Drue, seeing that Lord Alistair is wounded, draws his wand of cure light wounds from his bag and activates it. As he does so, he asks him what they should do. "Lord Alistair, how should we combat these Rakshasa?"

OOC: Heal Alistair 1d8+1


----------



## drothgery (Oct 26, 2005)

Drue:
[sblock]
You might want to revise your action, given the map above. It seems likely that I posted it while you were writing your post.
[/sblock]


----------



## ShaggySpellsword (Oct 26, 2005)

Oswin, picking up the rapier thrown to him by Saalin, drops his own sword and slowly works around the warrior-tiger, moving into position to take a single, swift stab at the sorcerer.  He is still slowly working around the sorcerer.

OOC:  Pick up the Rapier thrown to me and take a 5ft. step south.  Attack the Rakshasa Sorcerer with the rapier.  Next round I will take another 5 ft. step to move into flanking position and take a full atack


----------



## stonegod (Oct 26, 2005)

Actually, now that I think of it (and see the diagram), I think it would be a better idea for Saalin to drop his wand and draw the rapier (as before), but toss his rapier to Oswin's square. Since he goes first, this should give Oz a change to retreive the weapon.

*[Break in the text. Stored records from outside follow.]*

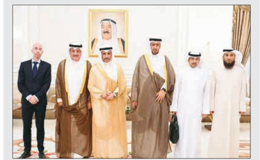
الرئيس الغانم ونائبه عيسى الكندري وعبدالوهاب البابطين ود. فهد العفاسي وعلام الكندري

توجه رئيس مجلس الأمة مرزوق الغانم إلى مدينة لاهاي الهولندية أمس للمشاركة في المنتدى العالمي لثقافة السلام التي تنظمه مؤسسة عبدالعزيز سعود البابطين الثقافية. وكان في وداع الغانم على أرض المطار نائب رئيس مجلس الأمة عيسى الكندري ووزير العدل ووزير الدولة لشؤون مجلس الأمة المستشار د. فهد العفاسي وأمين عام مجلس الأمة علام الكندري. ومن المقرر أن يلقي الغانم خلال الجلسة الختامية للمنتدى كلمةً تتعلق بإشاعة ثقافة السلام كسبيل وحيد للعيش. ويرافق الغانم خلال مشاركته في المنتدى النائبان عبدالوهاب البابطين وعمر الطبطبائي كما يشهد المنتدى مشاركة حكومية كويتية ممثلة بوزير التربية ووزير التعليم العالي دحامد العازمي ووزير الإعلام ووزير الدولة لشؤون الشباب محمد الجبري. ويشترك في المنتدى الذي تنظمه مؤسسة البابطين الثقافية بشراكة مع عدد من الشركاء الدوليين من بيننا اللجنة الدولية للصليب الأحمر ومعهد السلام العالمي، عدد كبير من الوجوه الثقافية والسياسية في العالم من بينهم
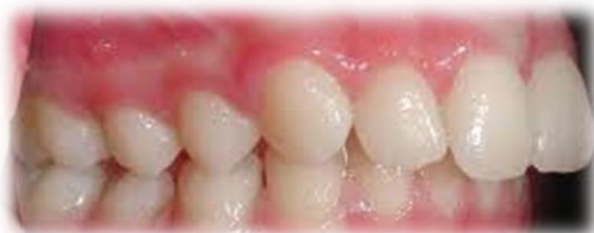
Slika 2. Protruzija gornje čeljusti

(Dostupno na: http://www.ferident.com/service/ortodoncija-ispravljanje-zuba-novi-sad/ )
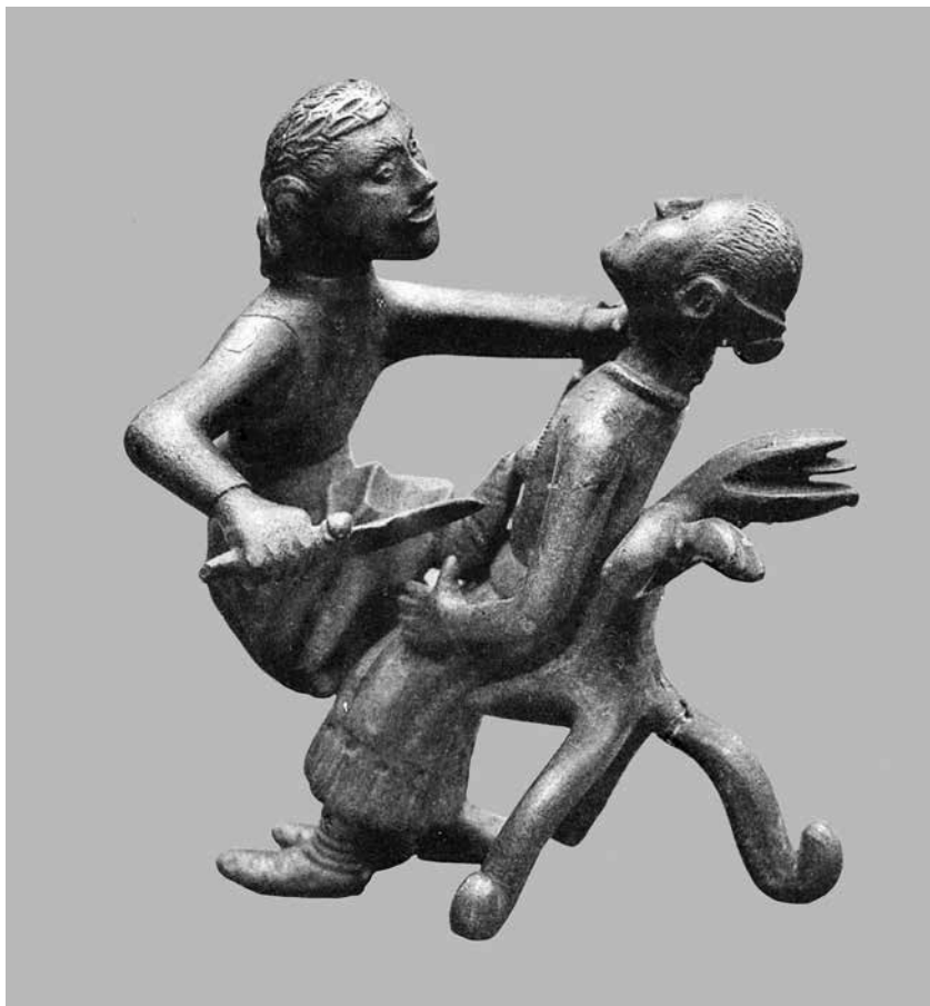
sl. 5. Figuralna kompozicija ( sinjska grupa ), krivotvorina iz kraja 19. stoljeća (prema: GZM, 1890.).

Hörnes tako navodi da je riječ o grupi od dvije sadržajno povezane figurice izlivena u bronci s jednoličnom finom tamnozelenom patinom. Djelomično su sačuvani tragovi posrebravanja, što se vidi u predjelu pojasa muške figure. Najveća širina i visina joj je 11,6 – 13 cm, pri čemu je visina sjedeće ženske figure 11,3 cm, a polustojeće muške 13 cm. Visina tronošca s naslonom je 7,5 cm. Hörnes je još zapisao, a to će se pokazati ključnim u nastavku moga teksta, da su glave obiju figura nesrazmjerno velike. Od tjemena do brade visoke su
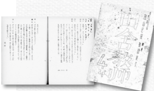
演劇「田舎教師」脚本 act.4 (館林市立図書館所蔵)

令和3年(2021)は田山花袋生誕150周年になり、田山花袋記念文学館では記念特別展などが行われます。これまでも花袋の生誕・没後の節目には、市でさまざまな企画が行われてきました。その一つに、花袋の代表作である『田舎教師』を演劇化する企画がありました。
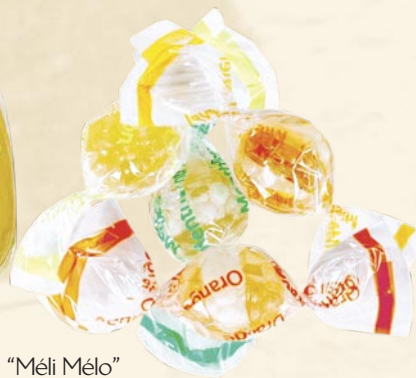
"Méli Mélo" de bonbons aux fruits (miel, citron, orange, menthe) (Assortiment of fruit candies - honey, lemon, orange, mint)
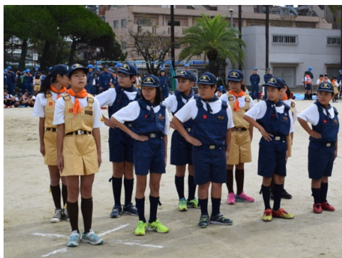
旧制服(全国的に普及)

活 動 内 容：①公民館から水防倉庫まで「おさんぽ」しながら、気づいたこと(危ない場所等)を地図に書き込み、グループでまとめた地図を発表。 ②水防倉庫にて、簡単な水防工法(土のうを積む訓練等)を予定。 ※雨天時は、公民館にてDIG研修等を実施。(取材可能)
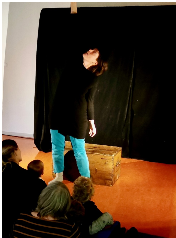
Photo de novembre 2024 lors de la racontée au RPE de Montrevel en Bresse

Petit tour de contes et comptines pour apprivoiser ses peurs. Une pomme magique grossit quand on la mange. Il y a des bruits en-dessous du lit. Un petit ogre ne veut pas manger d'enfants. Quand le soir tombe, vite, vite, tous sous la couette ! Rions entre poltrons.
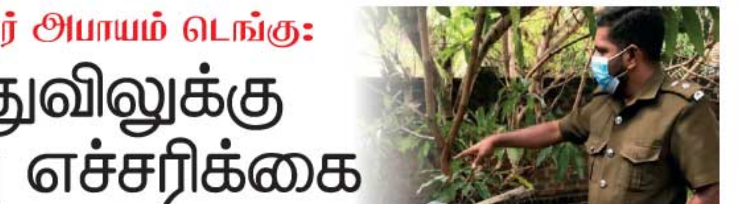
பொத்துவில் பிரதேசத்தில் 12 நாட்களுக்குள் 54 பேர் டெங்கு நோயாளர்களாக இனங்காணப்பட்டு உள்ளதையடுத்து, தொடர்ச்சி P2
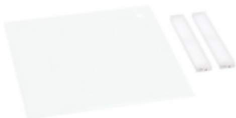
Z088 SET RIPIANO LUMINOSO (plexiglass satinato + 2 luci Led)
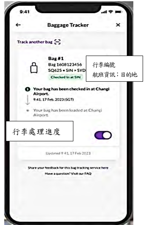
圖 3 新加坡樟宜機場提供之託運行李追蹤服務應用程式

場等影響旅客旅遊體驗情事。相較於新加坡樟宜機場考量旅客量增加情形，為利旅客掌握行李於機場內之裝載、轉運過程，協助解決行李遺失或延遲等問題，於 2022 年底參酌國際航空運輸協會 (International Air Transport Association, IATA) 第 753 號決議之服務精神，主動推出託運行李追蹤服務，供搭乘特定航空公司之旅客，透過機場 APP 掃描行李標籤條碼，即時查詢行李資訊 (圖 3)，增加行程規劃彈性；該機場並將逐步擴增參與即時查詢行李資訊服務之航空公司。經函請桃園國際機場公司研議參酌國際標竿機場實務經驗，強化資訊公開，評估於桃園國際機場 APP 或該公司網站建置個人行李運送狀態查詢功能之可行性，俾利旅客即時掌握行李訊息，提供旅客優質服務。據復：預計於 114 年辦理「出入境行李追蹤資訊共享」概念性驗證案，依出入境行李處理重要節點，提供個人行李資訊查詢，後續將依概念性驗證案執行結果，評估於桃園國際機場 APP 或公司網站建置個人行李運送狀態查詢功能之可行性。
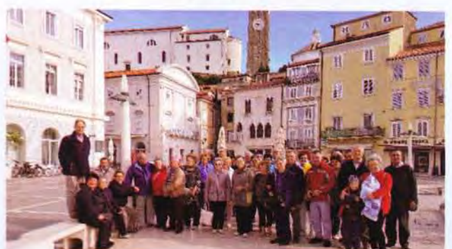
Presbiteri kirándulás, Szlovénia - Piran
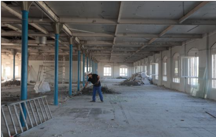
Le plateau du 2 e étage du bâtiment 23 est déjà quasiment à nu. La structure de l'immeuble sera bien sûr préservée, mais l'intérieur sera rénové en profondeur.
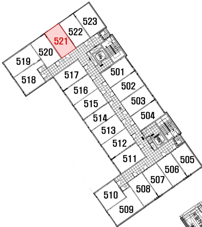
< 호별배치도 >
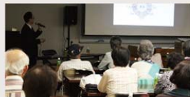
西村先生『人生をよりよく生きる精神科学』
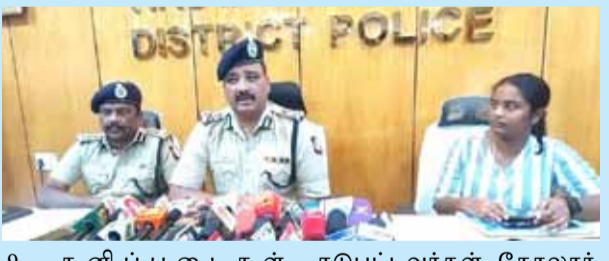
9 தனிப்படைகள் அமைக்கப்பட்டு தீவிர விசாரணை நடத்தப்பட்டு வருகிறது. இந்த நிலையில் திருவண்ணாமலை மாவட்ட போலீஸ் குப்பிரண்டு அலுவலர்களின் வடக்கு மண்டல ஐ.ஜி. கண்ணன் திருவண்காமலை காவல்துறை-கந்தர்வகோட்டை திருவண்ணாமலை மாவட்ட போலீஸ் குப்பிரண்டு தரப்பில் சென்ற 6 பேரை குஜராத் திருத்தி நிறுத்தி அவர்களை பிடித்து விசாரணை நடத்தி வருகிறோம். அது மட்டுமன்றி போலீஸ் நெருங்கியதை அறிந்து கோலார் பகுதியில் இருந்து பெங்களூர் வந்து அங்கிருந்து விமானத்தின் மூலம் அரியானாவிற்கு தப்பி சென்ற 2 பேரை அரியானாவில் பிடித்து விசாரணை நடத்தப்பட்டு வருகிறது. விசாரணை இன்னும் நிறைவு பெறவில்லை. ஆனால் குற்றவாளிகள் அரியானாவில் இருந்து

திமலை பிப்.18- திருவண்ணாமலையில் 4 ஏ.டி.எம். மையங்களில் கொள்ளையடித்துவிட்டு விமானத்தில் தப்பிச் சென்ற கொள்ளையர்கள் அரியானாவில் சிக்கினர். பிடிபட்ட 10 பேரிடம் தனிப்படை யினர் தீவிர விசாரணை நடத்தி வருகின்றனர். திருவண்ணாமலை மாவட்டத்தில் கடந்த 12-நேதி அதிகாரலையில் திருவண்ணாமலை நகரில் தேனிமலை மற்றும் கோவில் தெருவில் உள்ள டீல்டீ பாங்க் ஆப் இந்தியா வங்கியின் ஏ.டி.எம். மையங்களில் ரெயில் நிலையம் சாலையில் உள்ள ஏ.டி.எம். வங்கியின் ஏ.டி.எம். மையத்திலும் கலசபாக்கத்தில் உள்ள ஒன் இண்டியா வங்கியின் ஏ.டி.எம். மையத்திலும் மர்ம நபர்கள் கொள்ளை சம்பவத்தில் ஈடுபட்டனர். அப்போது அவர்கள் ஏ.டி.எம். மையங்களில் இருந்த பணம் எடுக்கும் எந்திரங்களை வெட்டி எந்திரத்தின் மூலம் வெட்டி அதிலிருந்து ரூ.72 லட்சத்து 78 ஆயிரத்து 600-ஐ கொள்ளையடித்து சென்றனர். இதுகுறித்து வடக்கு மண்டல ஐ.ஜி. கண்ணன் மேற்பார்வையில் உள்ளது உறுதியாகியுள்ளது. கொள்ளை சம்பவத்தில்

This action would be instead of casting _shield_.

[SBLOCK=Mechanics]It is AC 10 to hit a square, IIRC correctly.[/SBLOCK]


----------



## drothgery (Oct 27, 2005)

Although she regretted being unable to help, Ava was a maid and sometime cook, not a warrior. "I will try to reach the Lord's guardsmen." She whisperred Saalin before darting out the door at a full run.

Saalin nodded, then tossed his rapier, made from the flametouched iron that caried the good of Silver Flame within it, to the feet of Oswin. His weapons were not swords -- not unless things got truly desperate -- and the paladin's bastard sword would do little good against what he faced.

A cursory glance showed the cuts on Lord Alistair's person were shallow, but Drue cured them anyway as he asked his question.

Oswin picked up Saalin's blade and stepped into the space between an overturned table and the rakshasa sorcerer. It made his lunge ackward, but he still managed a prick on the monster's fur.

"The sorcerer may try to attack our minds. Be ready for it." Alistair said. Dark knowledge (puissance) to give a +3 bonus to saves against the creatures' attacks. _And they are after me._

Hariel's elven blade flashed twice, and two more times blood flowed from the sorcerer. 

Dain brought a flurry of fists against the wounded rakshasa warrior, hoping to draw it away from Hariel. But even though there was a very satisfying thud when one of his punches connected with the fiend, it seemed to have no effect. (5 points of damage was not sufficient to get through the damage reduction)

In fact, the warrior who she had wounded before seemed well intent on regaining Hariel's attention. And by taking a slash through her leg with his sword and biting her shoulder, he might well have done it. (13 points of damage)

The other warrior seemed intent on Lord Alistair, but neither Hariel nor Dain nor Kahlia were able to take advantage of the opponenigs presented by his movement. Suprisingly, though, the middle-aged theocrat was able to stay out of its grasp.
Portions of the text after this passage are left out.